Есть у грузин такая особенность: своих любимых духовных пастырей народ называет совсем просто, только по имени — тем самым как бы приближая их к себе и одновременно даруя бессмертие. Так мы говорим: Илья, и даже ребенок знает, что это Илья Чавчавадзе; мы говорим: Важа, Акакий, Галактион... Из актеров эта высокая народная честь выпала на долю Серго (Серго Закариадзе) и Верико. Даже не Вера, а уменьшительно, ласкательно — Верико. Так ее и звали до последнего дня, а было ей уже почти 90 лет.
Великая трагическая актриса Грузии... Так окрестил ее — совсем молодую — основоположник современного грузинского театра Котэ Марджанишвили. Она была его опорой и надеждой, реальной возможностью воплотить самые дерзкие замыслы. Мы — мое поколение — почувствовали величие Верико, когда в конце 40-х годов был восстановлен знаменитый марджановский спектакль «Уриэль Акоста». Мы увидели ее — опять превратившуюся в нежную, юную, хрупкую женщину, озаренную великой любовью и великим гневом. «Ты лжешь, раввин!» — произносила она своим удивительно глубоким и трепетным голосом, и для нас эти слова снова стали выражением нашего невысказанного, запрятанного в глубине души протеста против лжи, лицемерия, мракобесия.

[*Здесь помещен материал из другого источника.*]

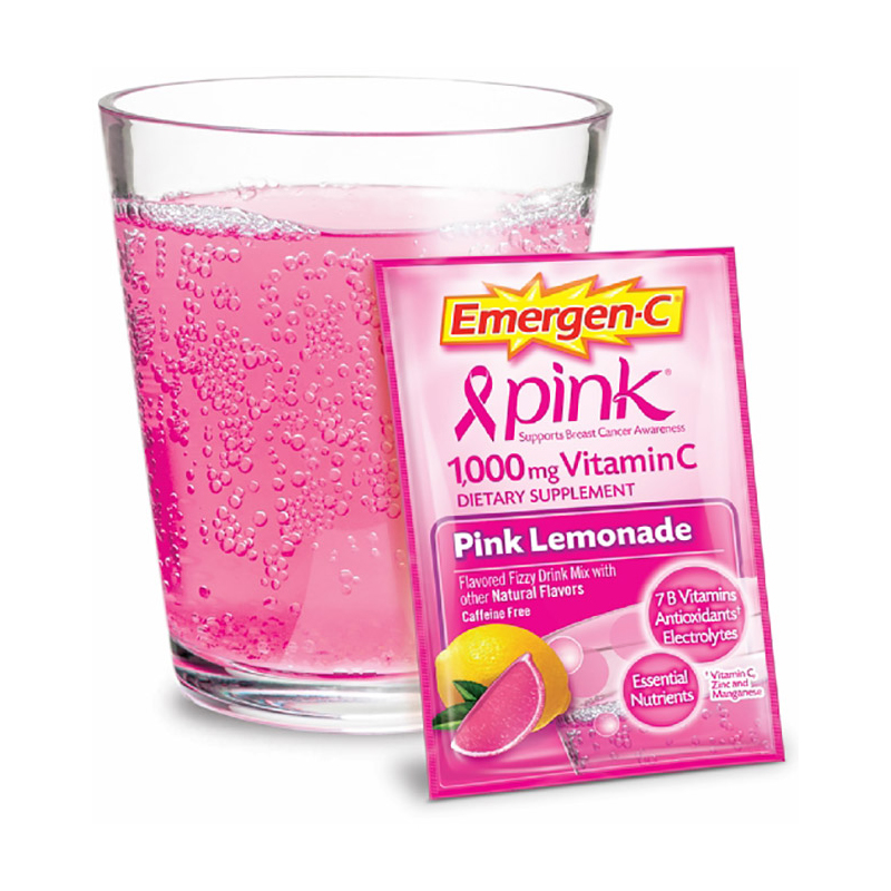 Pink is about power, strength, and energy in so many ways. Delicious Emergen-C Pink® Lemonade flavor vitamin supplement fizzy drink mix is loaded with essential nutrients including 1,000 mg of vitamin C and other immune supporting antioxidants zinc and manganese, 7 B vitamins to enhance energy naturally, and electrolytes to replenish post-workout!* The power of Pink supports healthy choices for today and hope for tomorrow.

А потом... Я видела, как она выходила на сцену тяжелой и твердой походкой старой женщины, знающей цену жизни и цену смерти, и стояла, как дерево, уходящее корнями в глубину веков; и лицо ее было иссечено глубокими и прекрасными морщинами, которые говорили о страдании и просветлении; и смотрела в зал блестящим молодым взглядом «в казнь друзей не глядевших очей», а потом вдруг пускалась в пляс — такой буйный, такой безудержный, и вся превращалась в вихрь, и казалось, что никогда не будет конца этой пляске, и взмаху этих рук, и пронзительности этого взгляда; а было ей тогда уже 70 или 75 лет, и играла она в спектакле «Деревья умирают стоя»; я смотрела на нее и поражалась точности этой метафоры, ибо мы все понимали — это был не театральный образ: сама Верико превращалась в символ. Я это знала уже тогда, когда ей предстоял еще долгий жизненный путь, знала, что это была необходимость, закономерность: ей — сыграть в этом спектакле, нам — понять, что она и есть это дерево, которое когда-нибудь умрет стоя. Первую роль в кино молодая актриса сыграла в 1926 году и вскоре нашла свою тему, свою героиню — гордую, сильную духом женщину, которую ничто не может сломить и никто не смеет унизить. Ее Маро («Саба» М. Чиаурели, 1929), Соломэ («Золотистая долина» Н. Шенгелая, 1937), Русудан, жена полководца («Георгий Саакадзе» М. Чиаурели, 1942 — 1943) незабываемы. Говоря о грузинском национальном характере на экране, мы в числе крупнейших называем образы, воплощенные Верико Анджапаридзе. И среди них — Отарову вдову из одноименной картины М. Чиаурели. Фильм вышел в 1958 году, и с тех пор живет в нашей памяти, в нашем сознании это великое создание бессмертной актрисы.
Так уж получилось, что последние слова, которые сказала нам Верико с экрана в фильме Т. Абуладзе «Покаяние» — «Кому нужна дорога, если она не ведет к храму?», — тоже обрели метафорический смысл; и сама она отправилась в последний путь к храму, к святой горе Давида, где народ предначертал ей место рядом с теми, кого он называет только по имени.
Гогоберидзе Л. Верико Анджапаридзе // Искусство кино. 1987. № 6. С. 116-117.